Nonetheless, the board concluded that, because Morales was not dissuaded by the threat and the district attorney did not actually prevent Morales from remaining at that meeting or prevent Morales from attending any future meetings, the district attorney merely made a threat that was “not a serious, credible threat.” The county adopts that argument on appeal, which relies, in part, on OPEU II. However, the issue is whether the threat would chill a reasonable employee, not Morales specifically. See Portland Assn. Teachers, 171 Or App at 624 (“For an ‘in [the exercise of protected rights]’ claim, * * * neither motive nor the extent to which employees actually were coerced is controlling.”). If the district attorney had carried out his statement, then Morales would have been removed from the meeting. Accordingly, the district attorney’s statement served to limit Morales’s participation at the meeting. The district attorney stated that, if Morales failed to comport himself in accordance with the district attorney’s expectations, he would remove Morales from the meeting. By exerting that level of control over Morales’s participation in the meeting, the district attorney’s statement was objectively likely to chill employees from exercising protected rights.
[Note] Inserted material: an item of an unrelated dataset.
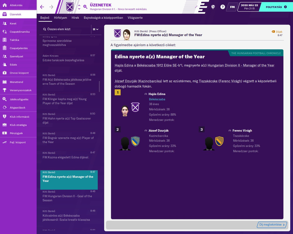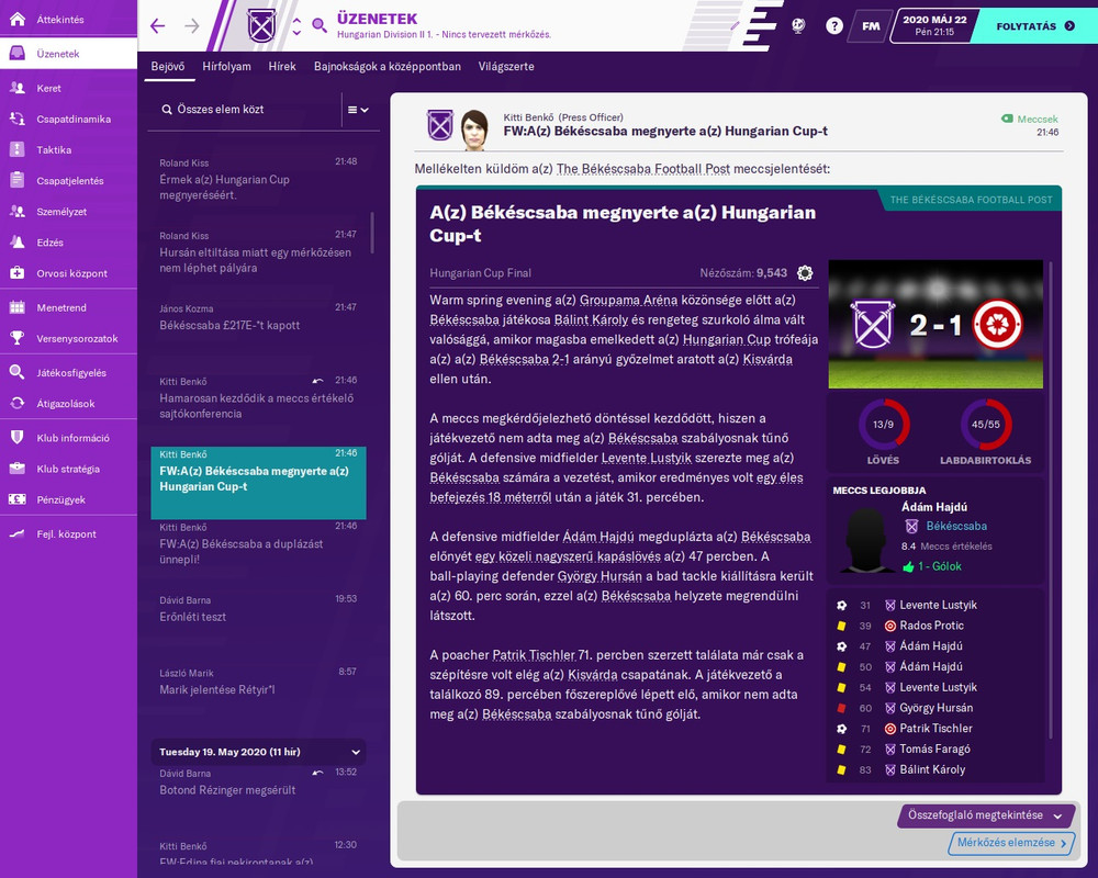 Meccsmotor: a megjelenített helyzet számának és milyenségének semmi kőze a játékhoz. Az FM már akkor tudja a végeredményt, amikor elkezded nézni a meccset. Én ezért se nézem, inkább kommentár. A taktika viszont nagyon fontos, ahogy a háttérstáb is. RÉMLIK???????
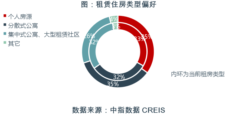 集中式公寓租客多数有通勤或改善需求。76%的集中式公寓租客在本地有房,但因为通勤、改善等原因选择了租房,其中45%的租客因为自有住房离公司太远,选择在公司附近租房;25%的租客因为自有住房太老旧,选择租住较新的住房。

We conclude that the board incorrectly interpreted ORS 243.672(l)(a) when it concluded that the district attorney did not interfere with, restrain, or coerce employees in the exercise of protected activity. Accordingly, the board erred in dismissing the union’s unfair labor practices complaint.

Reversed and remanded. 
      
       We express no opinion on the persuasiveness or effectiveness of Morales’s method of representing an association employee.
     
      
       Indeed, the association does not contend that an unfair labor practice occurred when the district attorney yelled at Bailey.
     
      
       We note that the district attorney then apologized to Acton and told her that what had just occurred had nothing to do with Acton and would not affect his decision about Acton’s continued employment.